══ Extracted data ══

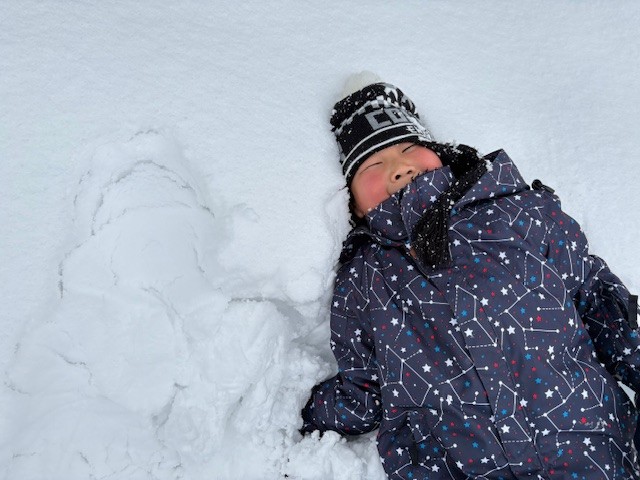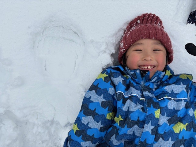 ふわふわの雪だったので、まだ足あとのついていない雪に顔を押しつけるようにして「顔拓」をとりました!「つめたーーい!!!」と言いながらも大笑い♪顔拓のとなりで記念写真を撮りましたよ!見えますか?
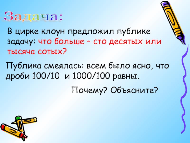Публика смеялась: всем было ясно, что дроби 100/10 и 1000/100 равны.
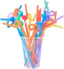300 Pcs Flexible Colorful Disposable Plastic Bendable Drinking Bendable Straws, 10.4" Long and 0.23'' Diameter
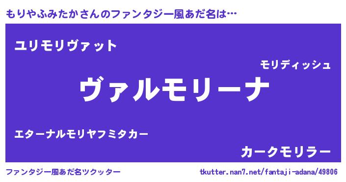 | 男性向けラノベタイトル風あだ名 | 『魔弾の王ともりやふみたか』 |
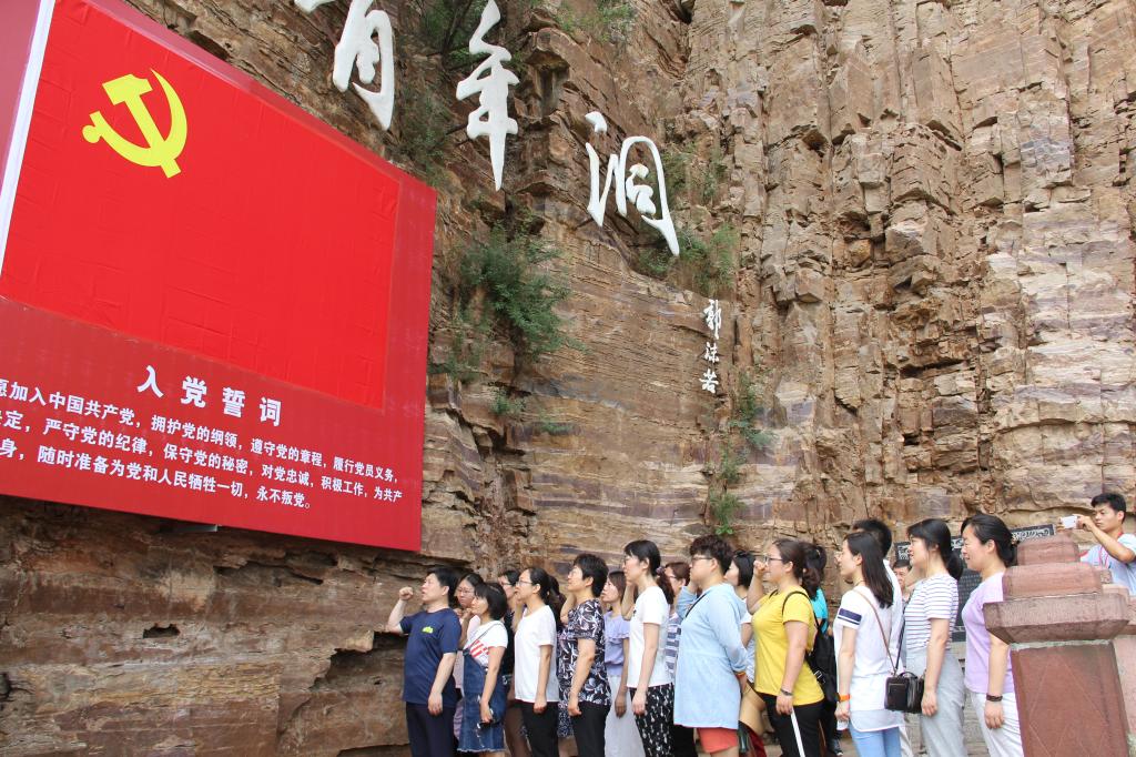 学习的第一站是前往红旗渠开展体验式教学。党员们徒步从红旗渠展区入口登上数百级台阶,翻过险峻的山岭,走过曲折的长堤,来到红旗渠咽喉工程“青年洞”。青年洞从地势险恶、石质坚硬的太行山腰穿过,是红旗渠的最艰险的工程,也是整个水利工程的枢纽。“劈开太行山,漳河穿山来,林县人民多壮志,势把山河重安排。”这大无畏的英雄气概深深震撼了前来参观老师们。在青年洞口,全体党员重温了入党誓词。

═══

Your assignment: Word for word and without pictures, please write out only the lines from the start of the entries through the line containing "男性向けラノベタイトル風あだ名 | 『魔弾の王ともりやふみたか』 |", both included.

Problem solution:
 ふわふわの雪だったので、まだ足あとのついていない雪に顔を押しつけるようにして「顔拓」をとりました!「つめたーーい!!!」と言いながらも大笑い♪顔拓のとなりで記念写真を撮りましたよ!見えますか?
Публика смеялась: всем было ясно, что дроби 100/10 и 1000/100 равны.
300 Pcs Flexible Colorful Disposable Plastic Bendable Drinking Bendable Straws, 10.4" Long and 0.23'' Diameter
 | 男性向けラノベタイトル風あだ名 | 『魔弾の王ともりやふみたか』 |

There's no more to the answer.